[Recorded data]
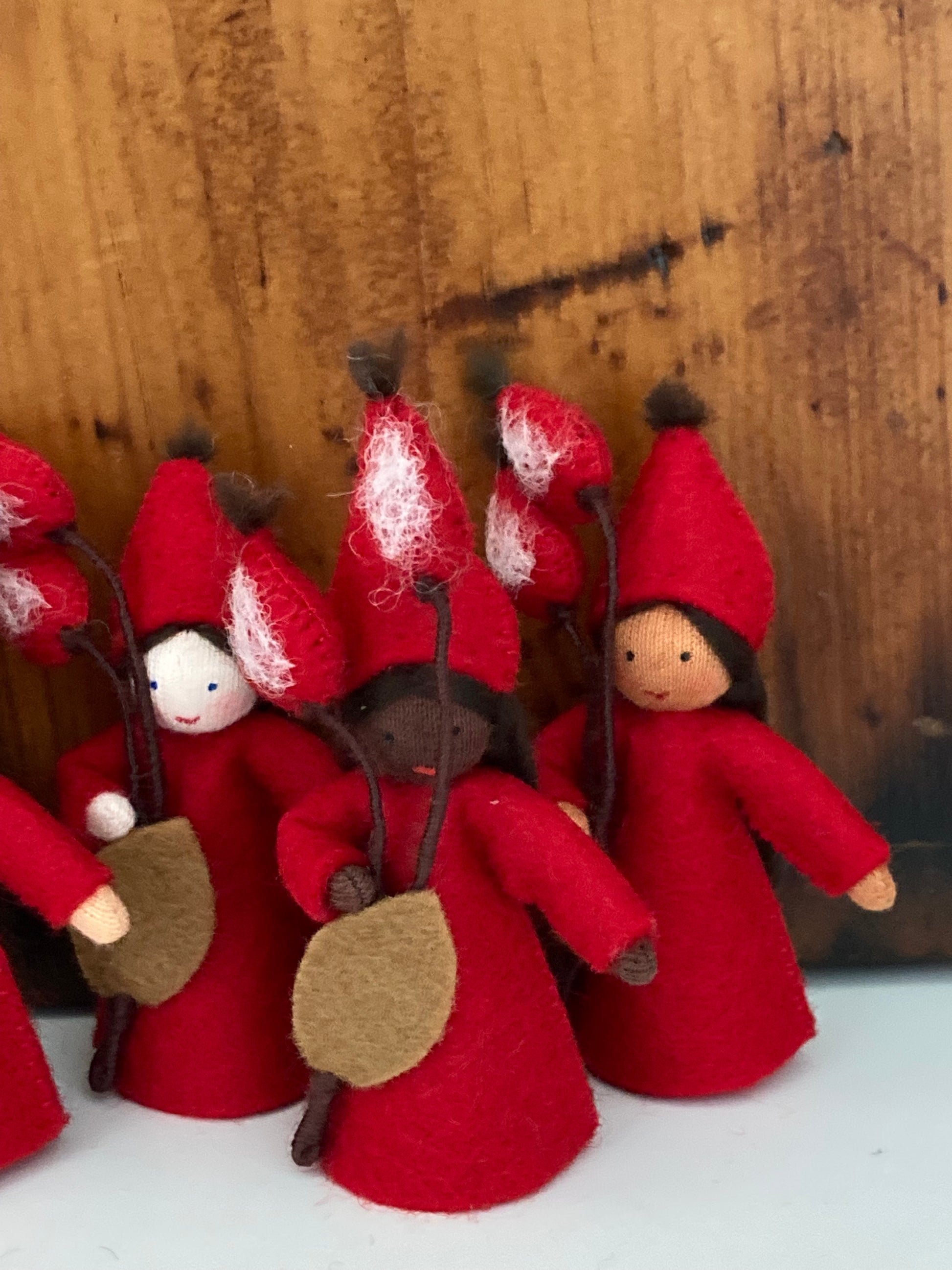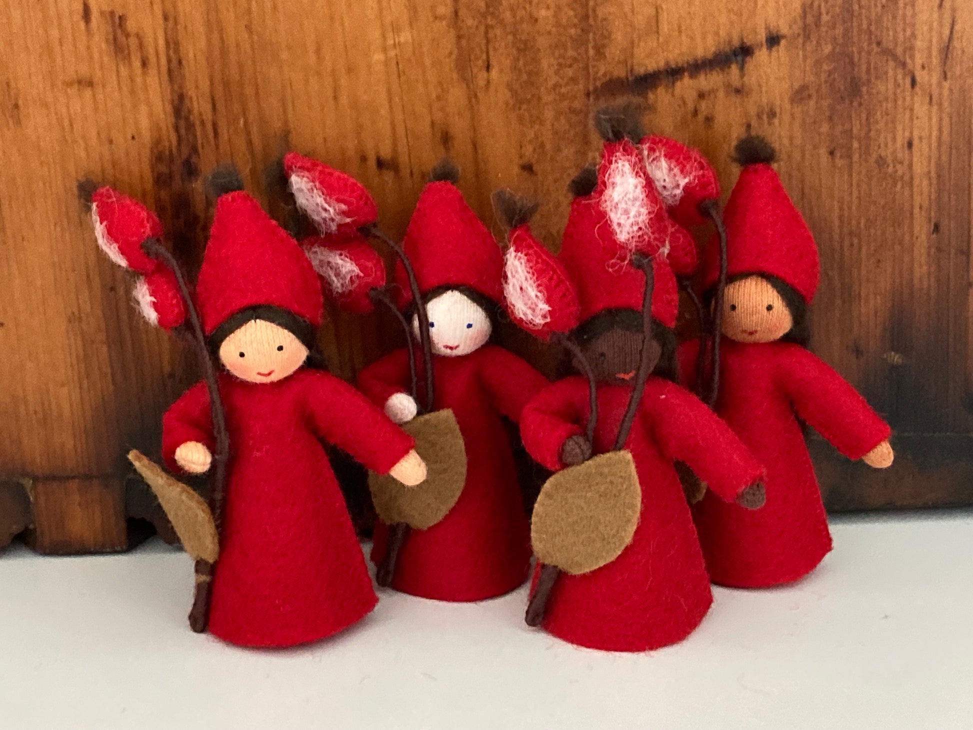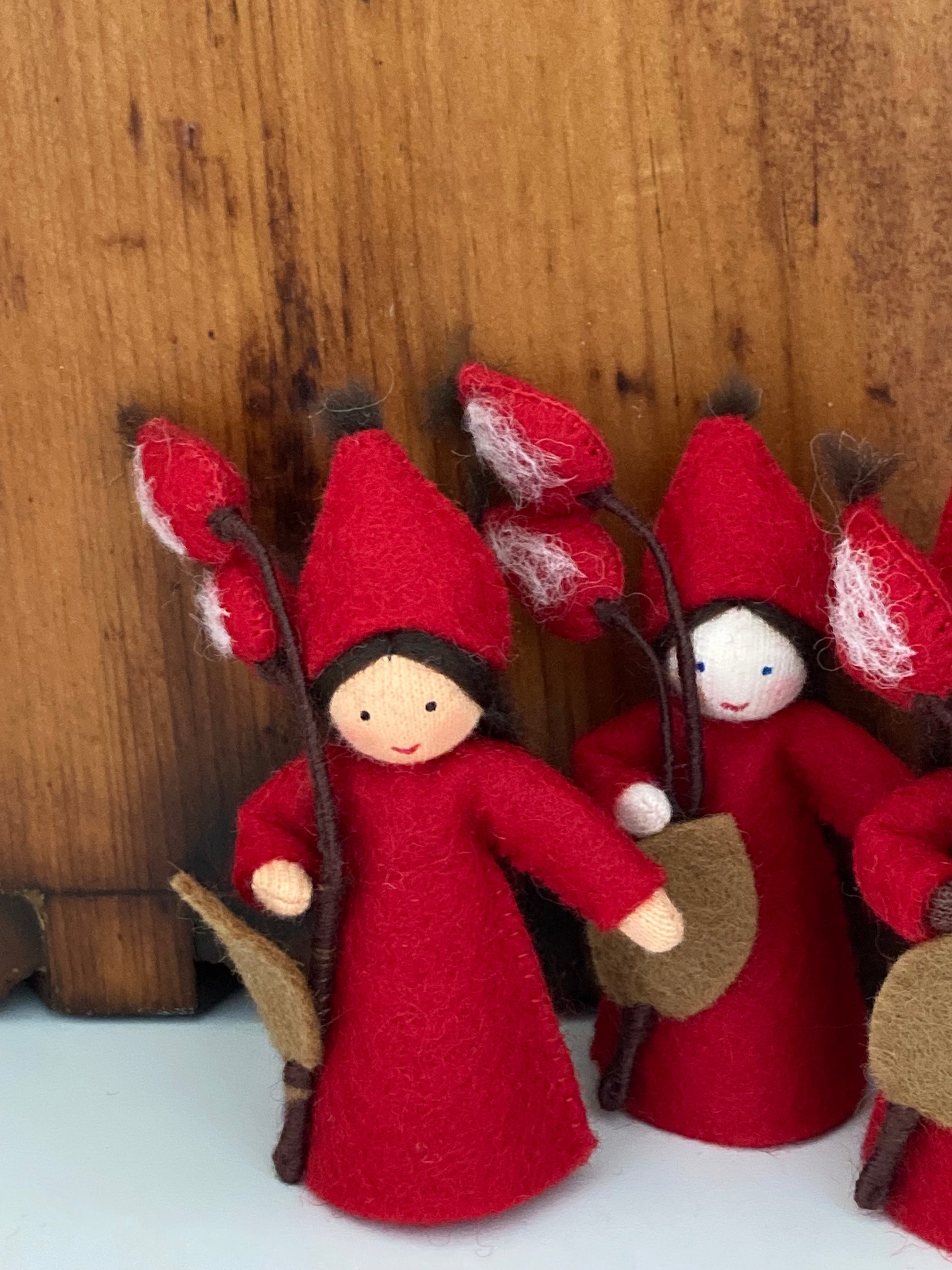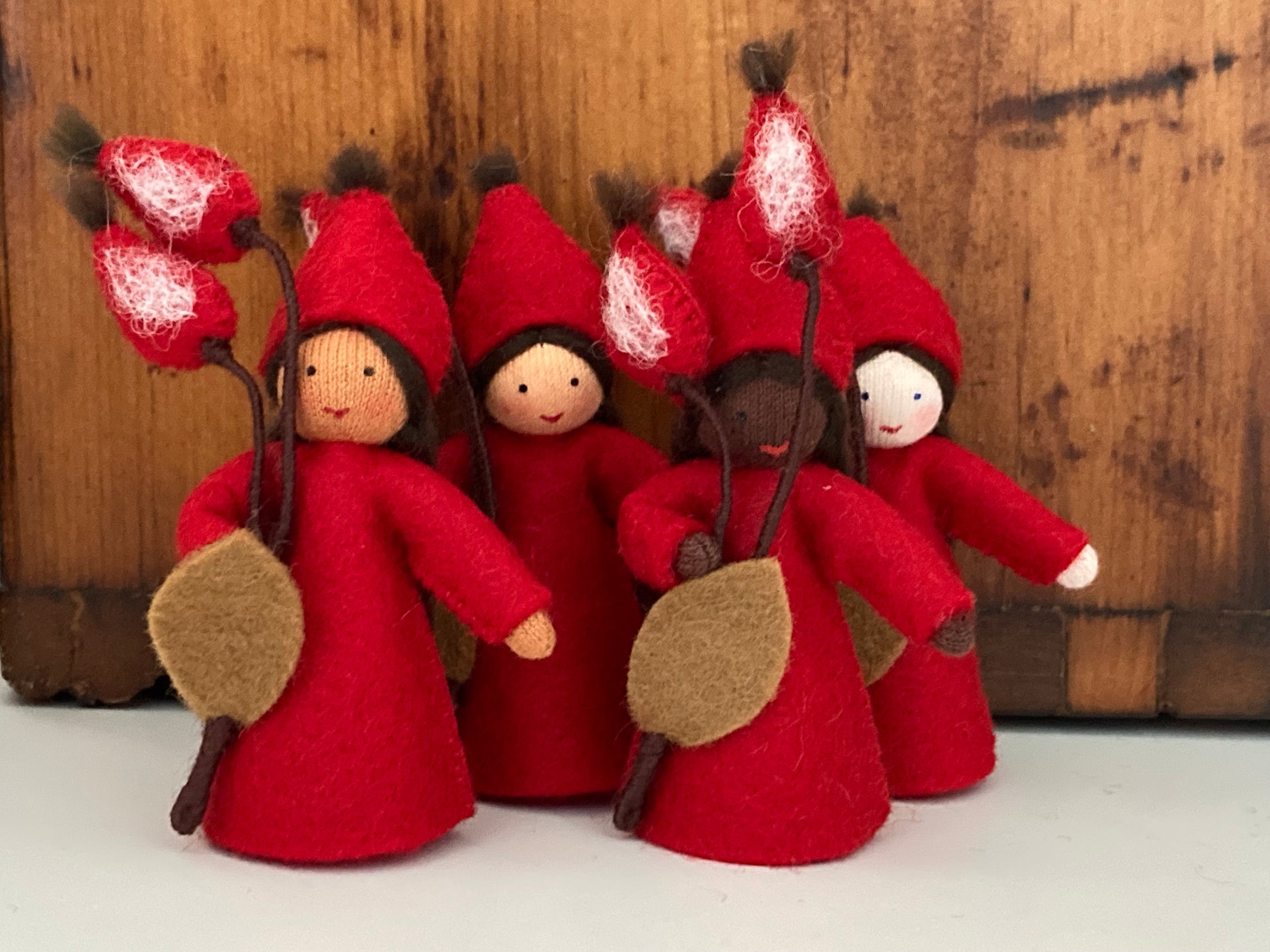 Les POUPÉES WALDORF DE LA FÉE DES FLEURS de Roumanie. Fabriqué à la main avec amour dans leur atelier d'une coopérative de femmes, Ambrosius Prodcom. Toutes leurs créations peuvent être autonomes, avec des bras pliables et mobiles. Quelques-unes des POUPÉES BABY FLOWER FAIRY ont également des jambes mobiles. Tous sont fabriqués avec des corps, des chapeaux et des fleurs en laine feutrée, avec un tricot de coton doux sur du fil cure-pipe. Les poils et le rembourrage sont en laine de mouton propre.
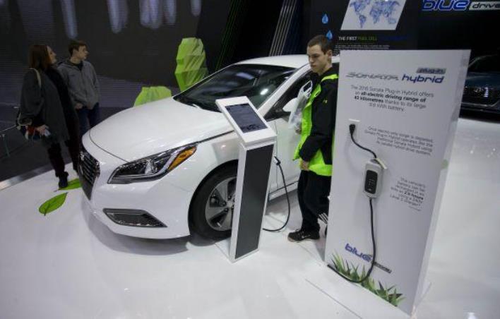 資料圖:在加拿大多倫多,觀眾在車展上參觀一輛現代索納塔插電式混合動力車。(新華社)
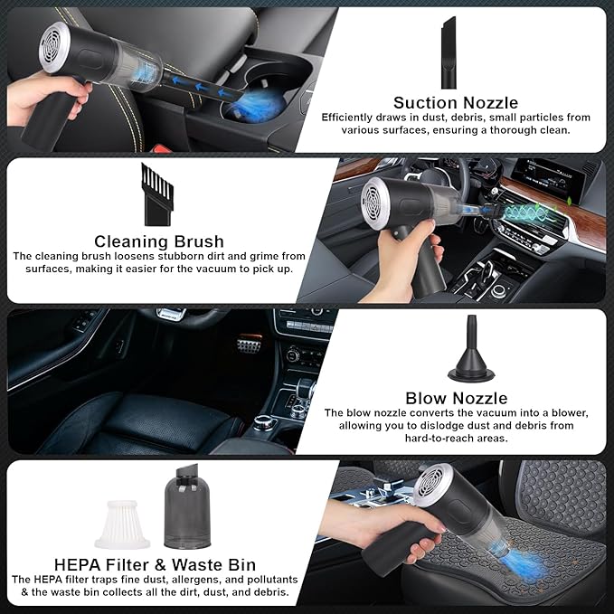 Pivalo 3-in-1 Vacuum Cleaner USB Rechargeable Wireless Handheld Mini Car Vaccum-Cleaners for Travelling Camping Reusable Portable with Charging Cable & 3 Attachments (Black, Pack of 1)
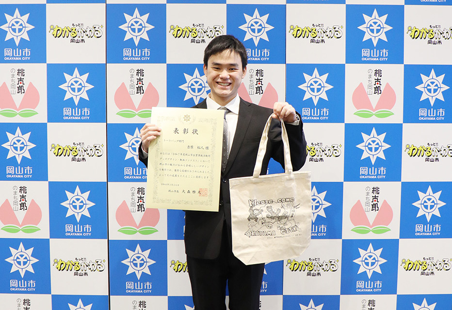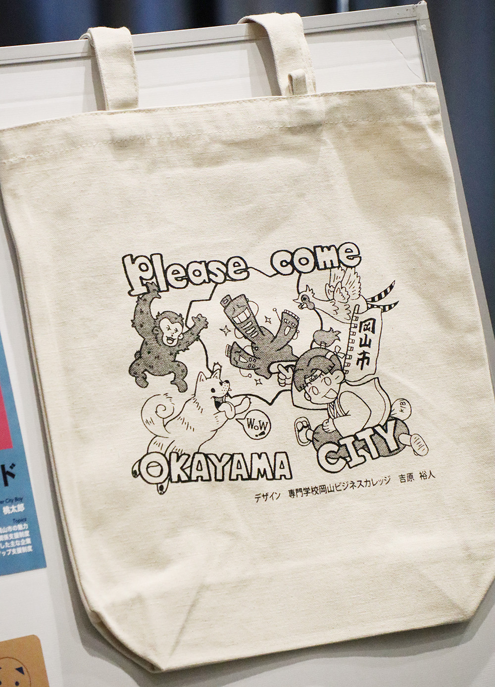 岡山市内のデジタルコンテンツ系専門学校の4校が競い合う「岡山市企業誘致活動用グッズデザインコンテスト」において、本校アニメイラスト学科1年生の作品が、トートバッグ部門で最高賞である「最優秀賞」を受賞しました!
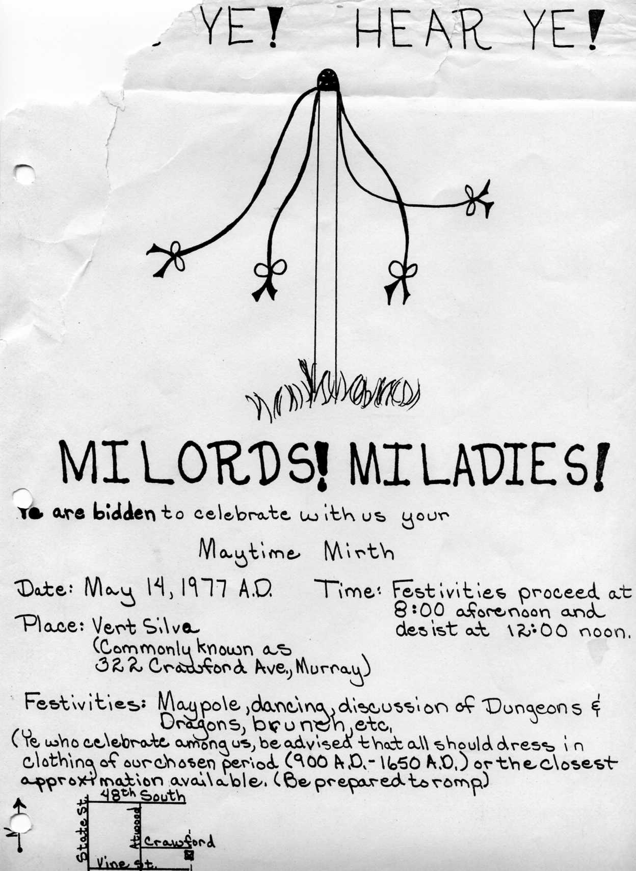 2nd Revel, May 77, flier Published June 28, 2016 at 1248 × 1710 in am Mor Salann Fasach’s Second Revel (May 1977) Flyer for second revel of incipient shire of am Mor Salann Fasach, May A.S. XII Continue reading →

[Exercise description] Exactly reproduce the lines that run from the first line of the listing above to the line containing "資料圖:在加拿大多倫多,觀眾", including both; omit the pictures.

[Task output]
 Les POUPÉES WALDORF DE LA FÉE DES FLEURS de Roumanie. Fabriqué à la main avec amour dans leur atelier d'une coopérative de femmes, Ambrosius Prodcom. Toutes leurs créations peuvent être autonomes, avec des bras pliables et mobiles. Quelques-unes des POUPÉES BABY FLOWER FAIRY ont également des jambes mobiles. Tous sont fabriqués avec des corps, des chapeaux et des fleurs en laine feutrée, avec un tricot de coton doux sur du fil cure-pipe. Les poils et le rembourrage sont en laine de mouton propre.
 資料圖:在加拿大多倫多,觀眾在車展上參觀一輛現代索納塔插電式混合動力車。(新華社)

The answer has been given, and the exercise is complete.